CVEs are usually a criminal’s first entrance to a company, but they can also be the deciding factor for blue team cybersecurity units to lock down suspicious activity before it occurs. This allows you to effectively shrink your attack surface, helping to manage risk. This acts as a deterrent for many cybercriminals who often look for the easiest target.
If you are taking note of ransomware as it hits the news, then it may already be too late. Cybercriminals work quickly with ruthless efficiency meaning that you should have an evolving understanding of your potential threat profile in real-time. To do this, enterprises must practice continuous vulnerability assessment and make the most of threat intelligence, to detect and mitigate risks in your unique digital environment. This will help to level up your security hygiene and prevent ransomware before it could make its way in. By constantly scanning your internal systems against the external threat landscape, businesses are able to have a better view of their risk profile and take relevant action. In the age of ‘alert fatigue’ having access to threat intelligence is pivotal to any risk based security strategy and allows businesses to focus on fixing vulnerabilities that pose a real risk, rather than making assumption-driven remediation decisions.

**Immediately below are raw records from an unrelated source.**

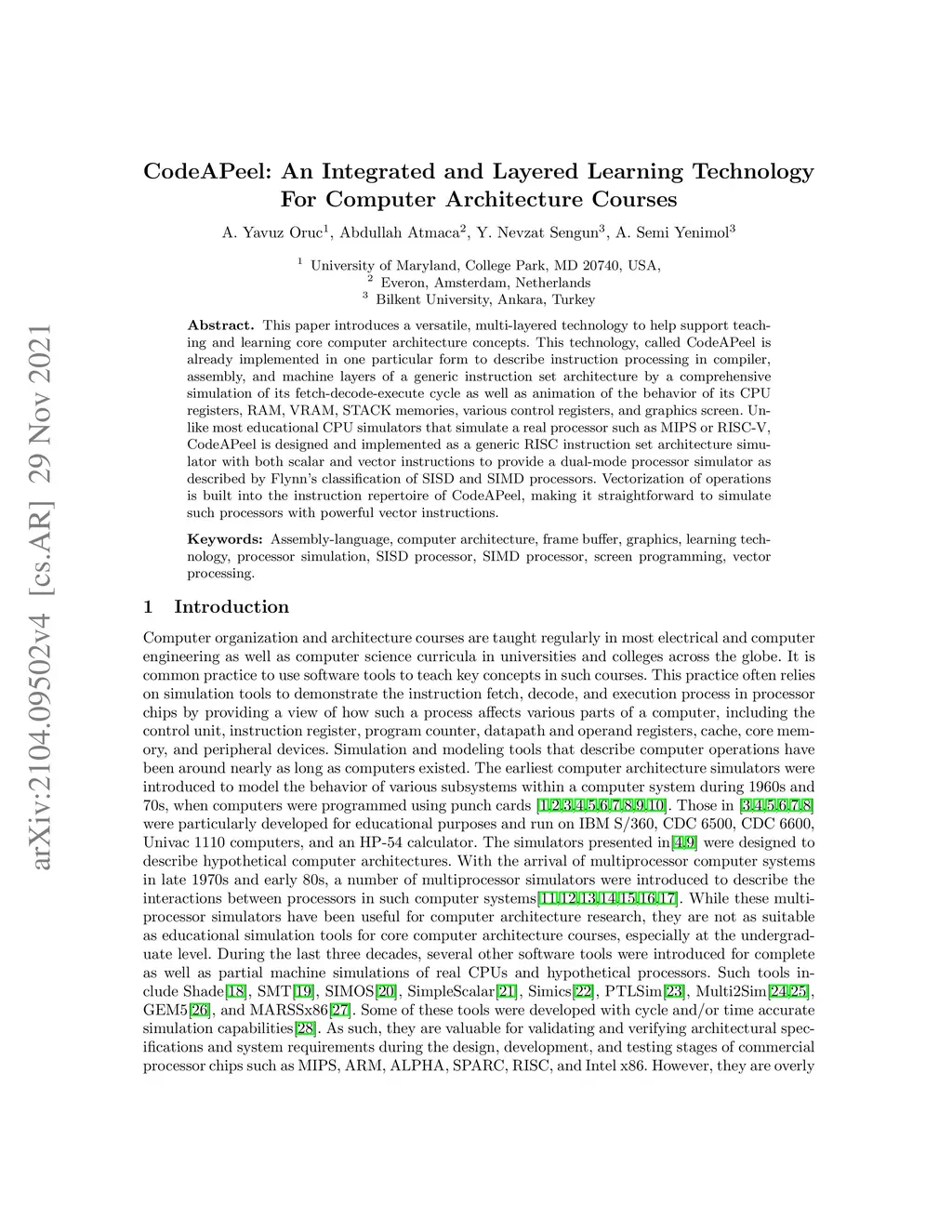 This paper introduces a versatile, multi-layered technology to help support teaching and learning core computer architecture concepts. This technology, called CodeAPeel is already implemented in one particular form to describe instruction processing in compiler, assembly, and machine layers of a generic instruction set architecture by a comprehensive simulation of its fetch-decode-execute cycle as well as animation of the behavior of its CPU registers, RAM, VRAM, STACK memories, various control registers, and graphics screen. Unlike most educational CPU simulators that simulate a real processor such as MIPS or RISC-V, CodeAPeel is designed and implemented as a generic RISC instruction set architecture simulator with both scalar and vector instructions to provide a dual-mode processor simulator as described by Flynn's classification of SISD and SIMD processors. Vectorization of operations is built into the instruction repertoire of CodeAPeel, making it straightforward to simulate such processors with powerful vector instructions.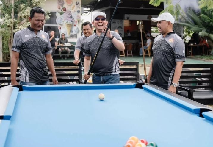 Momen unik tersaji dalam Aksi Cup Turnamen Biliar Open 2024, Jumat (18/10/2024) siang. Pada event tersebut, pasangan Calon Bupati dan Wakil Bupati Tanah Bumbu, Andi Rudi dan H. Bahsanudin (ARB), membuka turnamen dengan melakukan duel biliar.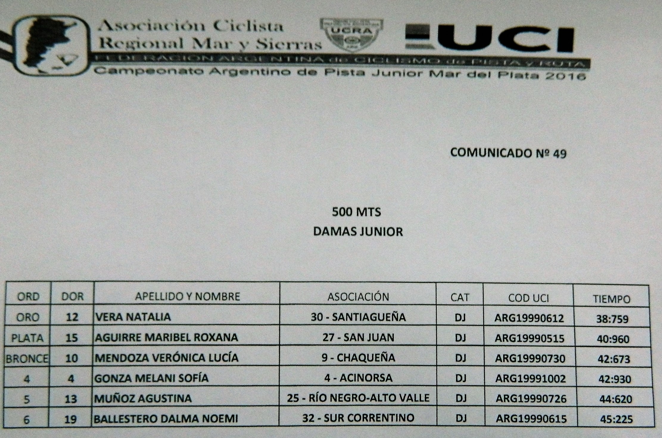 500 metros Juniors: 1°, Natalia Vera (Santiagueña), con 38s759; 2°, Maribel Aguirre (Sanjuanina) en 40s960, y 3°, Lucía Mendoza (Chaqueña) en 46s673.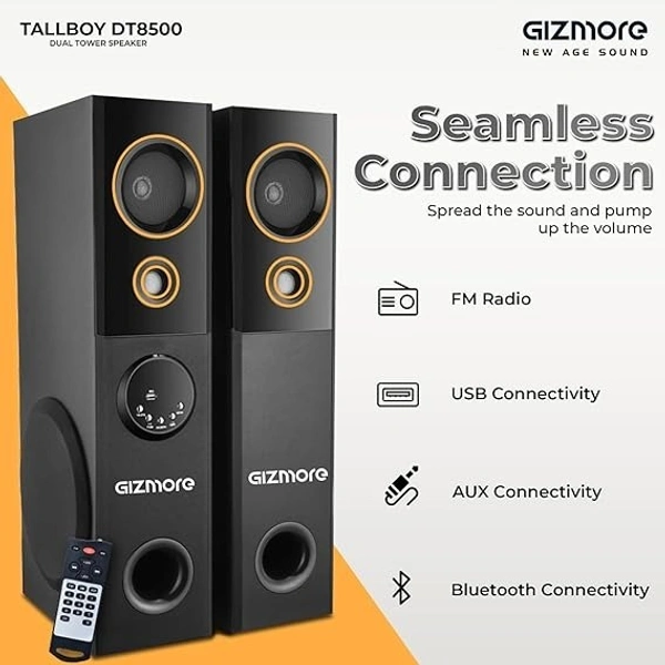 - POWERFUL BASS SOUND: It comes with 2 tower speakers with built in- Amplifier and RMS 80W / 8000 P.M.P.O output power which enhance your music listening experience as same as theatrical sound. Sound will not let you be monolithic and vibes reach to every nerves of listener, Features: Power output 80W RMS, Driver units: Subwoofer (8x2) Tweeter (4*2) LED Display. The New DT8500 Dual Towers from Gizmore make sure you get balanced sound. That’s why we have Silver Dome Tweeters that deliver crisp and clear sound to match the thump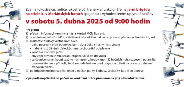 - terčovnice na venkovní sezónu – vynesení z boudy, montáž bočních noh, rozvezení po areálu, ukotvení (to jen v případě, že již nebude hotovo před brigádou, záleží na počasí a zahájení trénování venku).

If the past several months are anything to go by, then the ransomware epidemic will likely become worse before it gets better. If you fail to prepare and follow security best practice, then you should prepare a contingency plan for a ransom hit. No business wants to be forced to shut down operations due to a security incident, and potential customers have a long memory when it comes to high-profile data breach and buying decisions. This means that cybersecurity could be a business differential, not just by preventing ransomware from impacting your critical systems, but by allowing you to gain customer trust ahead of the competition and limiting disruption for vital services like healthcare.